Юпитер Баринова аккордеоны не делает: только иногда левую часть свою ставит. Есть у него пару аккордеонов - звоните и договаривайтесь. 
Сайт вот: www.bajan.ru


----------



## konstantinov (14 Авг 2013)

http://www.goldaccordion.com/forum/topic_180/1


----------



## zet10 (15 Авг 2013)

любитель писал:


> У ZET10 ( местное погонялово Ю.Ж.) уважаемого мной есть за эту цены итальянцы - но... без ц. планки да и без касотто... за эту сумму


С чего Вы взяли что без кассото?
Если речь идет о выборном аккордеоне ,то цена 4300 евро,если о выборном баяне то 5 тыс.евро.
Все эти инструменты полные с диапазоном у аккордеона на 45 клавиш,а у баяна на 64 и с кассото.
В рублевом эквиваленте не пишу,т.к курс постоянно меняется,а рубль к сожалению обесценивается.
Но в любом случае это самая ВЫГОДНАЯ ЦЕНА на сегодняшний день и дешевле чем "Юпитер" за 220 тыс(как я понимаю Гусаровский)

По поводу цельной планки Вы тоже не правы,т.к цельная планка ставиться по желанию заказчика,но инструмент сразу становиться дороже на 1-1,500 тыс евро.

Тоже самое кстати касается и готовых инструментов,все обговаривается на стадии заказа и зависит только от финансовых возможностей и индивидуальных предпочтений заказчика.


----------



## любитель (15 Авг 2013)

Хм. Взял я это... из Вашего личного сайте куда захожу периодически сглотнуть слюну глядючи на замммечччательные Скандалли и иже с ними и сперев дыхание подсчитывая когда скопится нужная сумма... Так вот в описании Скандалли ( на первом месте он у Вас - ок 220 тыр) в частности не заметил, что там есть касотто. Впрочем глубокой осенью , оказией буду в стольном граде, обязательно Вас, ув. ZET 10 навещу... Надеюсь послушать некоторые инструменты, с Вашего позволения.. Поскольку злые языки шепчут что от Рима ( пардон Кастельфидардо) всё отстой а АККО - форева. Впрочем. понимаю. Коммерция. Поэтому и возникает много вопросов. Надо СЛУШАТЬ инструмент лично. "А много ль корова даёт молока - не выдоишь за день - устанет рука.._на самом деле_" а мы молока не вдали пока..")


----------



## zet10 (16 Авг 2013)

любитель писал:


> Так вот в описании Скандалли ( на первом месте он у Вас - ок 220 тыр) в частности не заметил, что там есть касотто


спасибо за замечание Вам,обязательно поправлю описание и напишу что там есть кассото (хотя эта модель сама по себе уже подрозумевает кассото...но конечно это знают только профессионалы).любитель писал:


> Впрочем глубокой осенью , оказией буду в стольном граде, обязательно Вас, ув. ZET 10 навещу... Надеюсь послушать некоторые инструменты, с Вашего позволения..
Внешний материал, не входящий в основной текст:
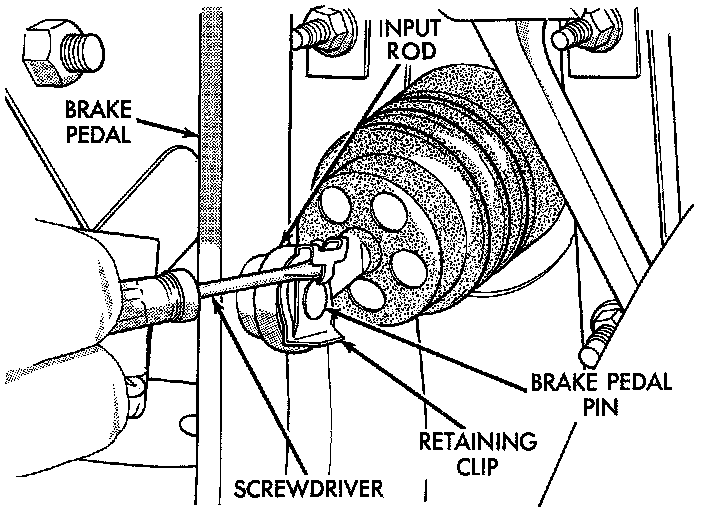 12. Locate the vacuum booster input rod to brake pedal attachment under instrument panel. Position a small screwdriver between the retaining clip center tang and the retaining clip. Rotate screwdriver enough to allow retaining clip center tang to pass over end of brake pedal pin. Then pull retaining clip off brake pedal pin. Discard retaining clip. Replace only with a new retaining clip when assembled.

Обязательно! И не только послушать,но и поиграть на них!Буду рад с Вами встретиться и предоставить на ваш суд все инструменты которые будут осенью (сами понимаете что ассортимент постоянно меняется).

любитель писал:


> Поскольку злые языки шепчут что от Рима ( пардон Кастельфидардо) всё отстой а АККО - форева. Впрочем. понимаю. Коммерция. Поэтому и возникает много вопросов. Надо СЛУШАТЬ инструмент лично.


Абсолютно согласен что инструмент нужно СЛУШАТЬ и играть лично.Нельзя в этих вопросах опираться на слухи.По поводу "злых языков",я вообще сомневаюсь что в большинстве случаев эти люди имели возможность играть и тестировать новые итальянские инструменты,постольку поскольку их практически нет в наличии в магазинах,а если что и есть то либо цена Атомная,либо инструменты которые с точки зрения профессионала не представляют ни какого интереса,пример тому модельный ряд "Soprani" в магазине "Аккорд"!
Все достойные инструменты везутся в основном под заказ!

Я как то уже писал что есть определенные проблеммы с выбором в Российских магазинах(да и стран СНГ),новых итальянских инструментов,этой темой занимаются буквально единичные магазины , и нормального ассортимента по нормальной цене практически не найти ( т.к к сожалению у нас бизнес все еще строиться по системе ХАПНУТЬ БЫСТРЕЕ и магазинам и другим торговым организациям просто финансово не интересно этим заниматься)...вобщем это длинная тема,а т.к я сейчас нахожусь сейчас в командировке за рубежом,долго рассуждать на данную тему не могу,если интересно вернемся к этой теме через пару недель.


----------